Assignment: Copy the lines below exactly, starting at the one with "Das Lechuza Terrapon" and ending at the one with "Delosperma herbeum is", and leave out any picture.
· · · · ·
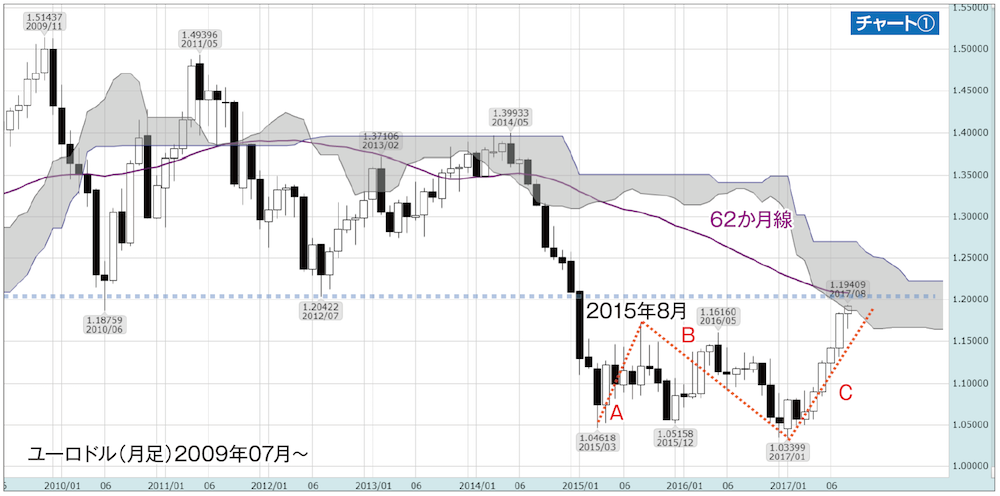テクニカル分析のセオリーによれば、このC波の上昇幅というのは「さしあたりA波の1.236倍や1.382倍になることが多い」とされる。よって、当面のC波の上値の目安というのは計算上、1.1887ドルや1.2070ドルということになるのである。これは、前述した一目均衡表の月足「雲」下限や62か月線と非常に近い水準であるということがわかるだろう。
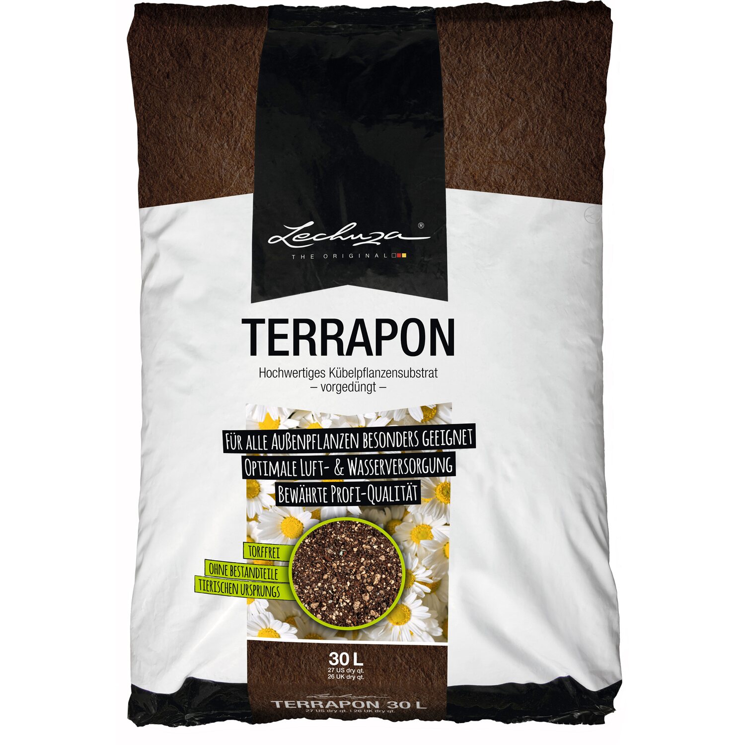Das Lechuza Terrapon 30 l kombiniert die Vorzüge von organischem Humus mit mineralischen Komponenten wie Bims und gebrochenem Blähton. Das neue Substrat wird aus hochwertigen Rohstoffen, so wie sie auch im professionellen Gartenbau verwendet werden, hergestellt: Bims, gebrochener Blähton und eine wirksame Düngerkombination. Der Anteil an frischem Naturton wirkt als natürlicher Wasser- und Nährstoffspeicher und fördert die gleichmäßige Versorgung der Pflanzen. So werden Schwankungen abgepuffert und Trocken- oder Nässeperioden besser überstanden. Terrapon kann zum Einpflanzen fast aller Zimmer-, Balkon- und Gartenpflanzen verwendet werden, mit Ausnahme von Moorbeetpflanzen, die besondere Anforderungen an den pH-Wert des Substrates stellen. Hier sollte eine entsprechende Spezialerde verwendet werden. Orchideen, die ebenfalls sehr spezielle Anforderungen an das Pflanzsubstrat stellen, sollten ausnahmslos in Lechuza-Pon gepflanzt werden.
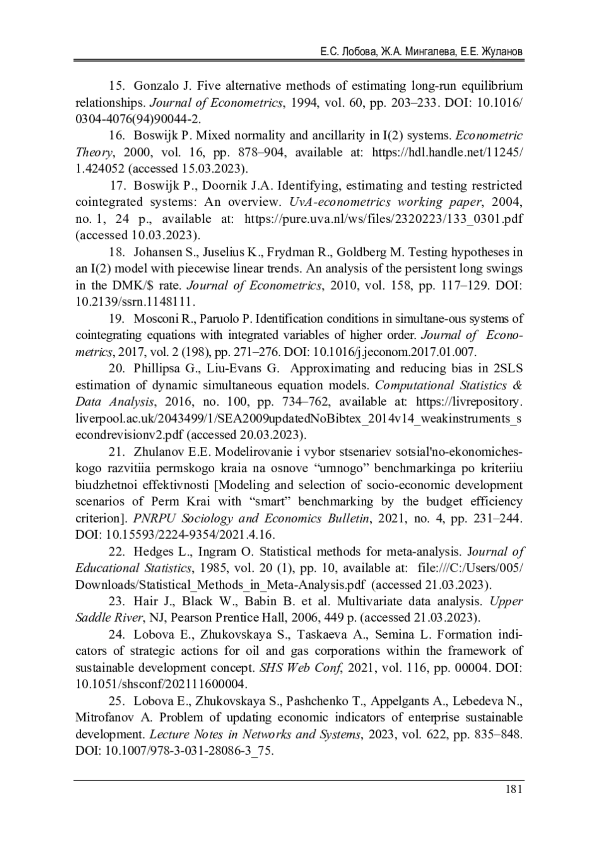 17. 	Boswijk P., Doornik J.A. Identifying, estimating and testing restricted cointegrated systems: An overview // UvA-econometrics working paper. - 2004. - No. 1. - 24 p. - URL: https://pure.uva.nl/ws/files/2320223/133_0301.pdf (accessed 10 March 2023).
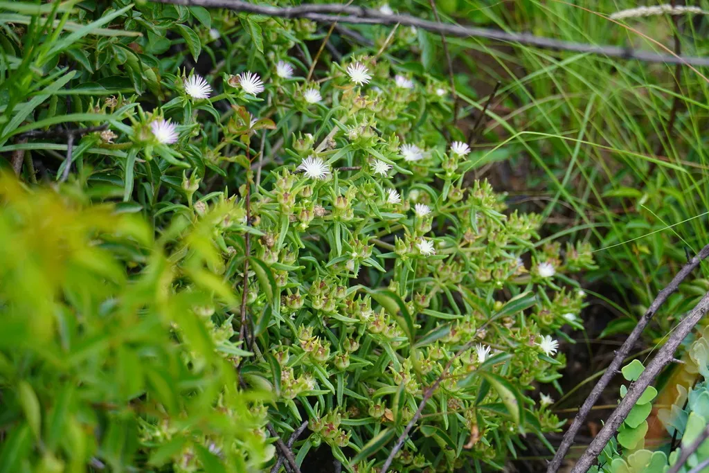 Delosperma herbeum is a succulent, semi-evergreen groundcover known for its white flowers and drought tolerance.
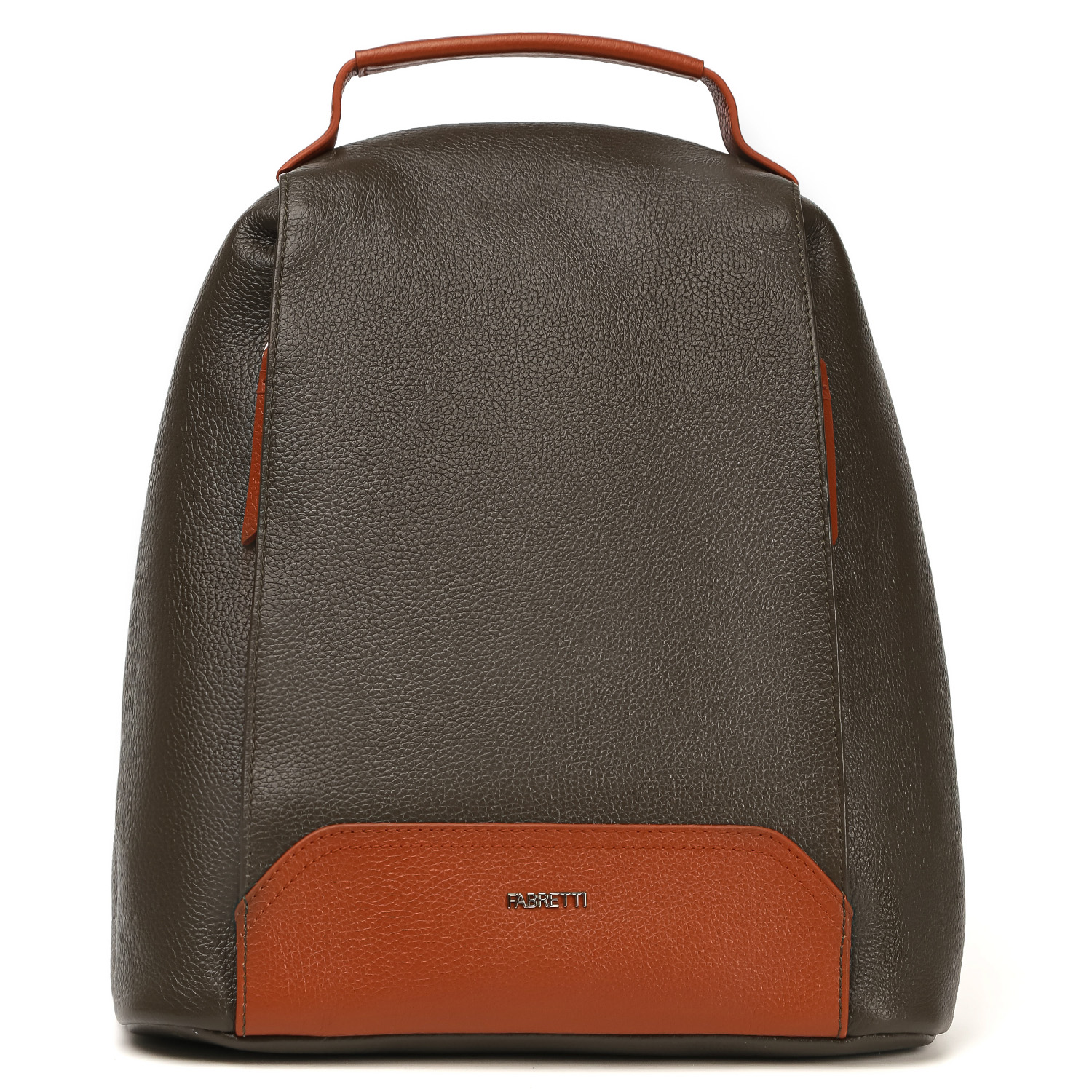 Стильный рюкзак FABRETTI в серо-зеленом оттенке выполнен из натуральной зернистой кожи. Основное отделение закрывается на полукруглую молнию с 2 бегунками. Внутри 3 боковых кармана для мелочей: 2 открытых и на молнии. На лицевой стороне расположены 2 вертикальных кармана на молнии. На тыльной стороне предусмотрен вертикальный карман быстрого доступа на молнии. Сверху есть ручка, позволяющая комфортно носить изделие в руке. Лямки шириной 2 см регулируются по длине. Цвет фурнитуры - серебро.
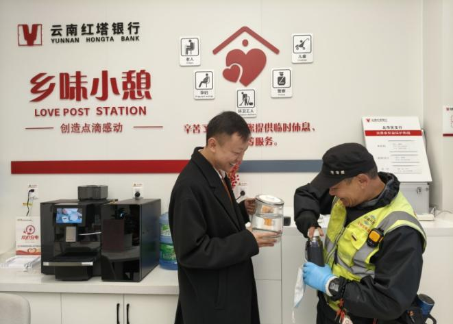 为确保服务常态长效,云南红塔银行昆明北市区支行将“乡味小憩”纳入网点规范化服务管理,每天安排专人负责补充饮用水、茶叶及各类便民物资,做到物资不断档、服务不打烊。
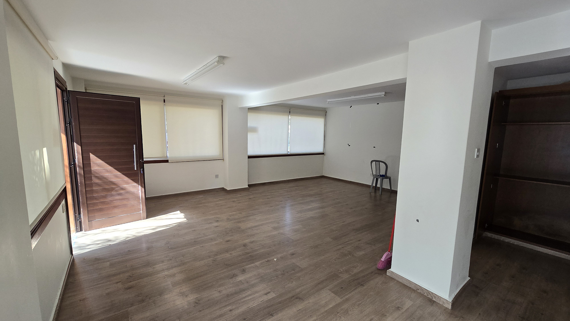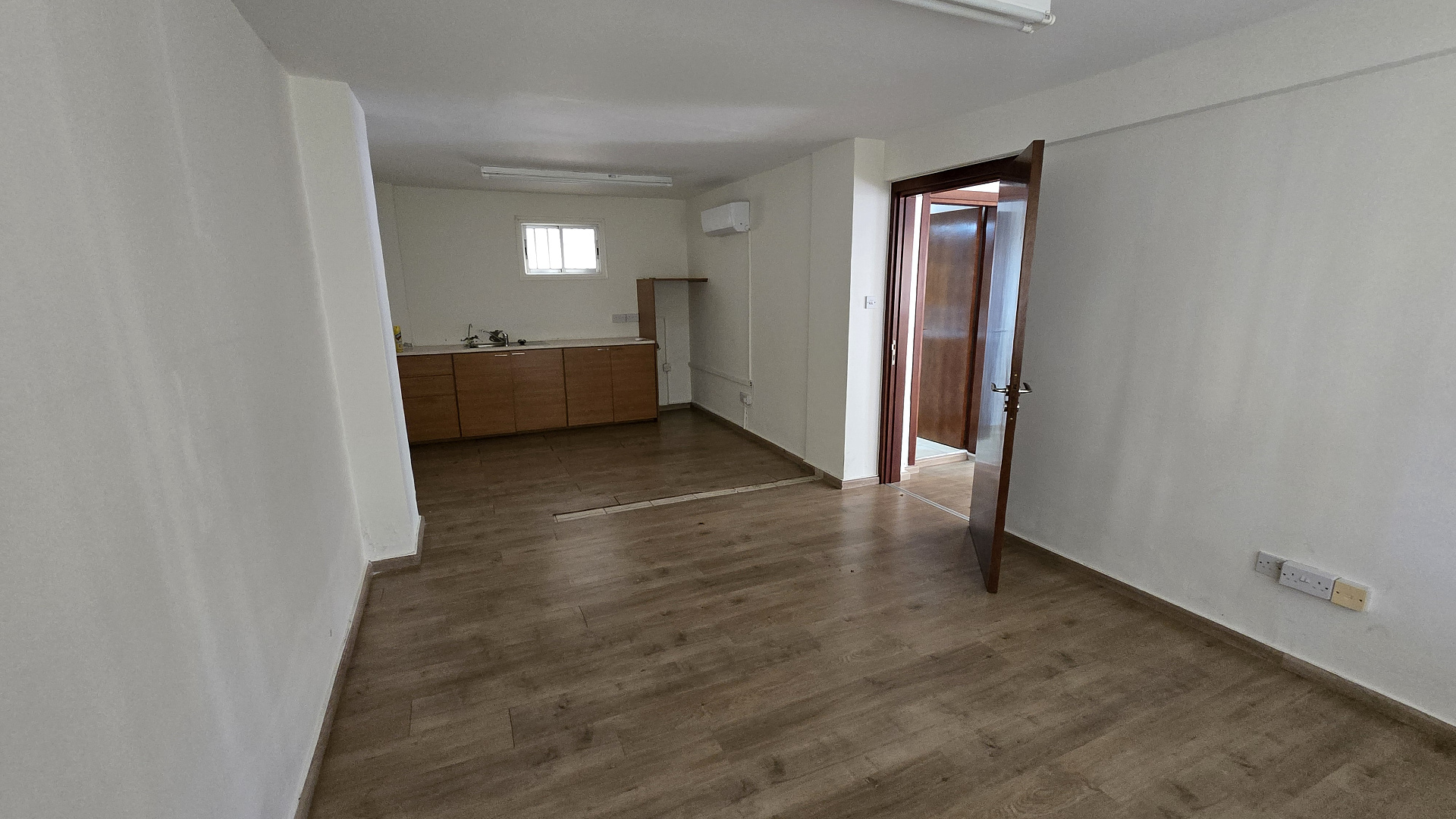 Office space of 100 m2 for rent in Neapolis, Limassol. The office is located on the ground floor. The property is provided with parking for employees and visitors.
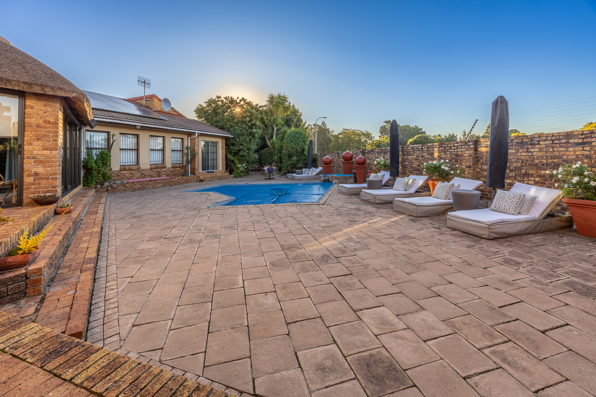 * Spacious open-plan living and dining areas with air conditioning and sliding doors to the pool
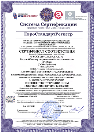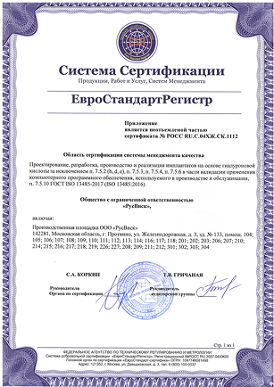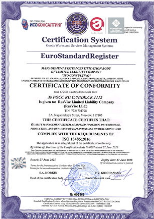 Вязкоэластичный эндопротез синовиальной жидкости «Русвиск Форте» регистрационное удостоверение на медицинское изделие от 11 октября 2022 года № РЗН 202218518.
· · · · ·
Completed task:
Das Lechuza Terrapon 30 l kombiniert die Vorzüge von organischem Humus mit mineralischen Komponenten wie Bims und gebrochenem Blähton. Das neue Substrat wird aus hochwertigen Rohstoffen, so wie sie auch im professionellen Gartenbau verwendet werden, hergestellt: Bims, gebrochener Blähton und eine wirksame Düngerkombination. Der Anteil an frischem Naturton wirkt als natürlicher Wasser- und Nährstoffspeicher und fördert die gleichmäßige Versorgung der Pflanzen. So werden Schwankungen abgepuffert und Trocken- oder Nässeperioden besser überstanden. Terrapon kann zum Einpflanzen fast aller Zimmer-, Balkon- und Gartenpflanzen verwendet werden, mit Ausnahme von Moorbeetpflanzen, die besondere Anforderungen an den pH-Wert des Substrates stellen. Hier sollte eine entsprechende Spezialerde verwendet werden. Orchideen, die ebenfalls sehr spezielle Anforderungen an das Pflanzsubstrat stellen, sollten ausnahmslos in Lechuza-Pon gepflanzt werden.
 17. 	Boswijk P., Doornik J.A. Identifying, estimating and testing restricted cointegrated systems: An overview // UvA-econometrics working paper. - 2004. - No. 1. - 24 p. - URL: https://pure.uva.nl/ws/files/2320223/133_0301.pdf (accessed 10 March 2023).
 Delosperma herbeum is a succulent, semi-evergreen groundcover known for its white flowers and drought tolerance.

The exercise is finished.